Figure 6. Quantitative phase composition of autoclave stone made of lime and ash.
Notice: L - lime, NS - Na2SO4, CA - coal ash
The interrelation between strength and phase composition of the stone of the studied compositions is shown in Figures 7-9 from which is obvious that the strength of Na2SO4-free compositions is directly proportional to the content of both the Al-tobermorite and gel phase of C-A-S-H (Figure 7). This interrelation becomes less pronounced, but still maintained at 1% of sodium sulfate (Figure 8). However, with addition of 2% Na2SO4(Figure 9), this relationship is not observed anymore. At this, a considerable increase in Al-tobermorite in this composition according to both the data of XRD and DTG does not correspond completely to a slight increase in stone's strength. However, a small amount of C-A-S-H phase here fully agrees with the same slight increase in strength.

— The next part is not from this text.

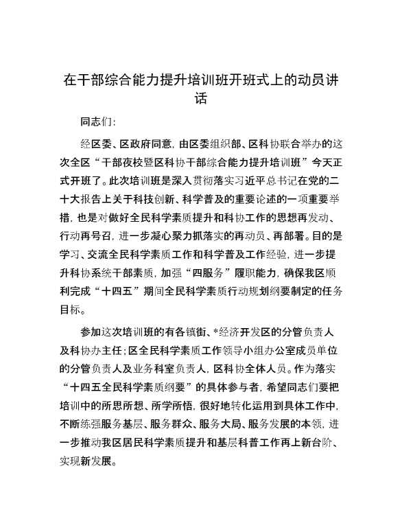 在干部综合能力提升培训班开班式上的动员讲话 2024-08-22 Word模板 107 购买前,请一定要先点击这里看看,欢迎持续关注,精彩模板每天推送 预览结束,本文件为word文档,一共4页,共1906字,请购买后,下载后查看 购买前,请一定要先点击这里看看,欢迎持续关注,精彩模板每天推送 资源下载下载价格59 RMBVIP免费升级VIP点击检测网盘有效后购买有任何充值和下载问题请加微信:xuexixuexi66 0 演讲发言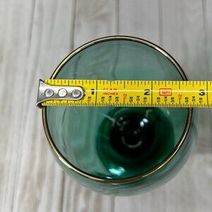 Enhance your dining experience with this set of three vintage Libbey Juniper teardrop wine and water goblets. Featuring a stunning green color and luxurious gold rims, these goblets are perfect for both casual and formal occasions.

Thus, the strength of the autoclave stone made of lime-ash mixtures always proportional to the content of gel C-A-S-H phase. At the same time, the content of the latter can be or can be absolutely not proportional to the amount of Al-tobermorite. It is typical that initiating the synthesis of Al-tobermorite with the Na2SO4-addition, its crystallization is carried out at the expense of C-A-S-H phase. The content of katoite hydrogarnet remains practically unchanged at the 5-6% level.
Figure 7. Correlation of lime-ash stone strength with its phase composition. 1 - Change in the intensity of the peak of aluminum substituted tobermorite according to the X-ray data; 2 - Change in content of aluminum substituted tobermorite according to the DTG data; 3 -Change in content of C-A-S-H according to the DTG data.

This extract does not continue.